┏━━
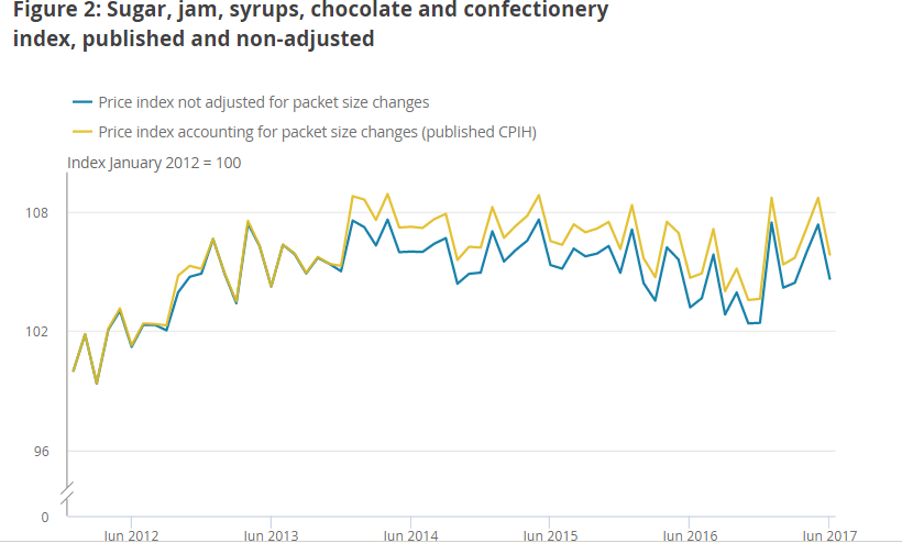 对于分量缩水最严重的糖、果酱、糖浆、巧克力和糕点这一大类商品来说,经质量调整后的通胀比未经质量调整的通胀高出1.2个百分点。
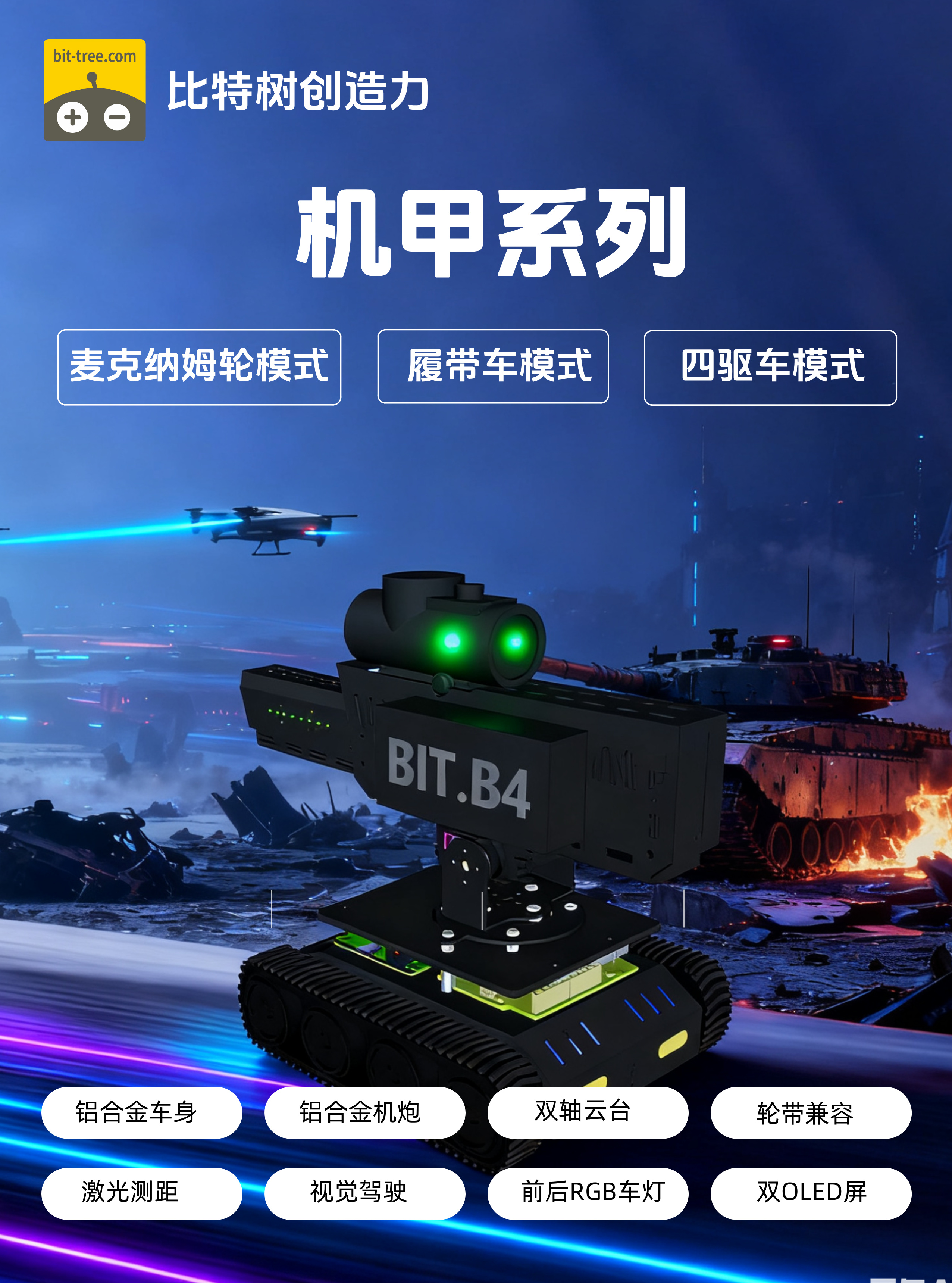 铝合金车身、激光测距、铝合金机炮、视觉驾驶、双轴云台、前后RGB车灯、轮带兼容、双OLED屏
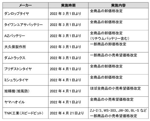 取り扱い各社 価格改定のご案内
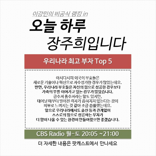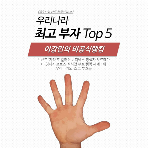 = 오늘 미 경제지 포브스가 인터넷판에 게재하는 실시간 부호 랭킹에서 ‘자라’라는 브랜드로 잘 알려진 의류업체 인디텍스의 창립자 오르테가가 빌게이츠를 제치고 세계 1위에 올라 화제가 됐습니다. 오르테가의 순 자산은 769억 달러, 우리 돈으로 96조 7천억 원이나 된다고 하는데요. 이렇게 외국 부호의 이야기를 들으면 우리나라의 부호가 누구인지 궁금해지죠. 그래서 오늘은 ‘우리 나라 최고 부자 Top 5’를 살펴보려고 합니다.
┗━━
Word for word, print all of the data; skip the pictures.

▸ Result below:
 对于分量缩水最严重的糖、果酱、糖浆、巧克力和糕点这一大类商品来说,经质量调整后的通胀比未经质量调整的通胀高出1.2个百分点。
 铝合金车身、激光测距、铝合金机炮、视觉驾驶、双轴云台、前后RGB车灯、轮带兼容、双OLED屏
 取り扱い各社 価格改定のご案内
 = 오늘 미 경제지 포브스가 인터넷판에 게재하는 실시간 부호 랭킹에서 ‘자라’라는 브랜드로 잘 알려진 의류업체 인디텍스의 창립자 오르테가가 빌게이츠를 제치고 세계 1위에 올라 화제가 됐습니다. 오르테가의 순 자산은 769억 달러, 우리 돈으로 96조 7천억 원이나 된다고 하는데요. 이렇게 외국 부호의 이야기를 들으면 우리나라의 부호가 누구인지 궁금해지죠. 그래서 오늘은 ‘우리 나라 최고 부자 Top 5’를 살펴보려고 합니다.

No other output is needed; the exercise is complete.